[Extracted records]
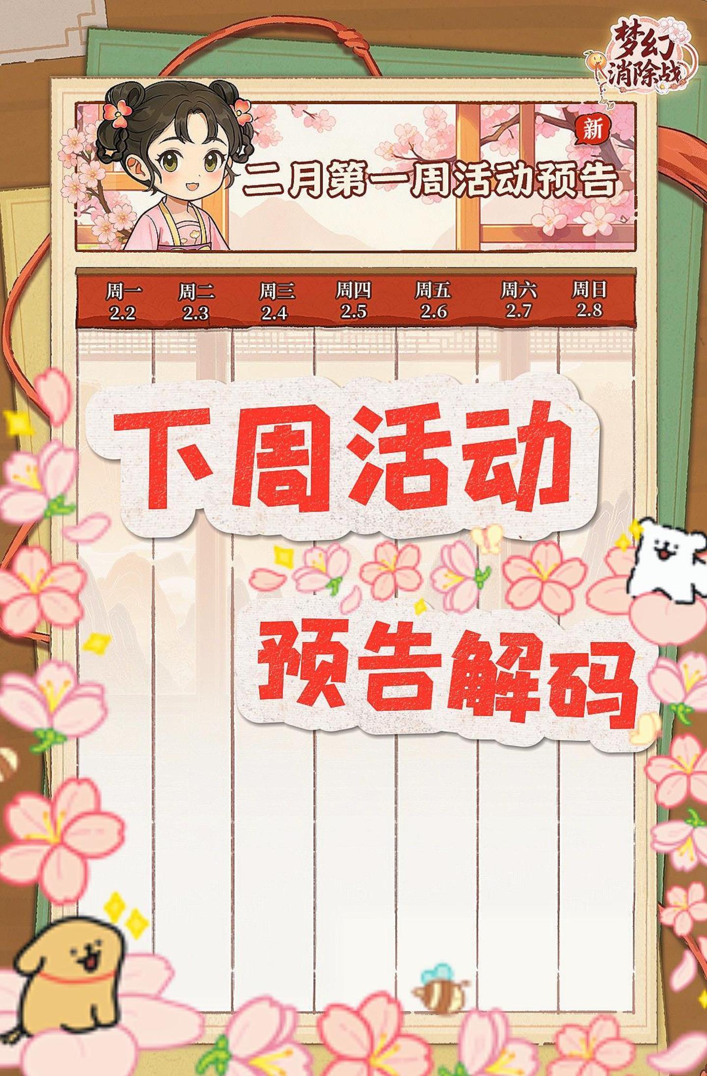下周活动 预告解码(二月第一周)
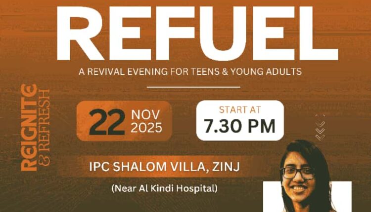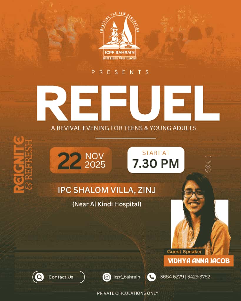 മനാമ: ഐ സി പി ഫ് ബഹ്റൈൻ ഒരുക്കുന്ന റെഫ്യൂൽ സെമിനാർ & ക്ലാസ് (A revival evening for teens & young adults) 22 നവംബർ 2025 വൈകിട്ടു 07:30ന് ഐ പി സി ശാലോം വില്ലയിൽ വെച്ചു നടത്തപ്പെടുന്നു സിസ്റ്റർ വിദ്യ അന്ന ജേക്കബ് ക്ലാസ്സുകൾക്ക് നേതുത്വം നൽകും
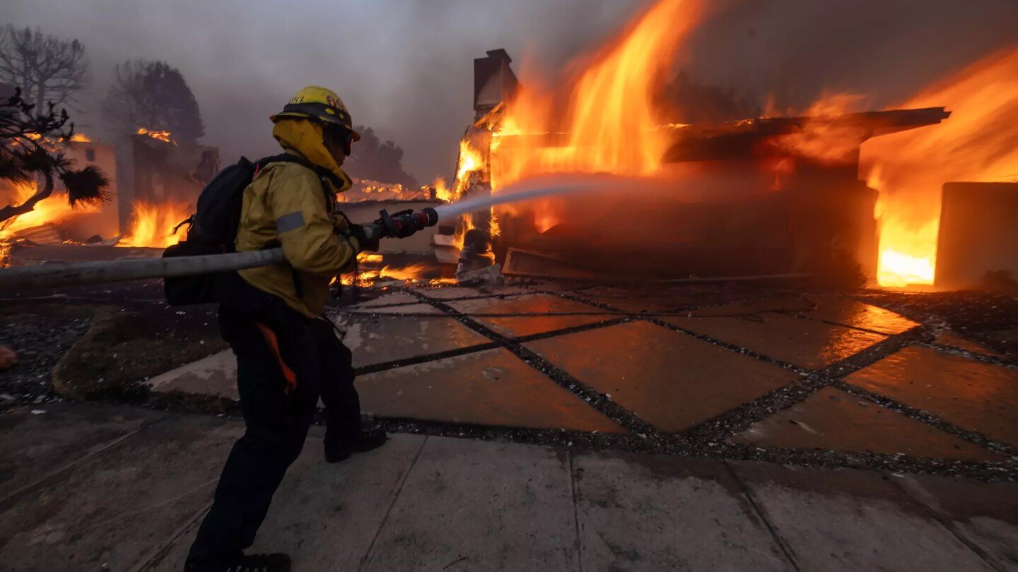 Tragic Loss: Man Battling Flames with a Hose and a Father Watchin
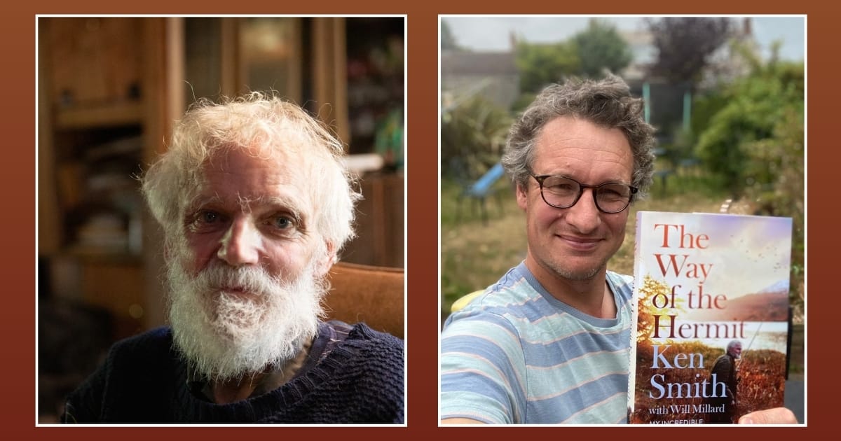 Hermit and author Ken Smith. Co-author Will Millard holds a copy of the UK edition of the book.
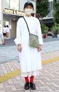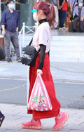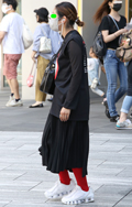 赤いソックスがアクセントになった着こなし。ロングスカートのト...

The problem:
Copy exactly, and only, the lines running from the one containing "Hermit and author" through the final line of the data, and omit the pictures.

Exercise solution:
 Hermit and author Ken Smith. Co-author Will Millard holds a copy of the UK edition of the book.
 赤いソックスがアクセントになった着こなし。ロングスカートのト...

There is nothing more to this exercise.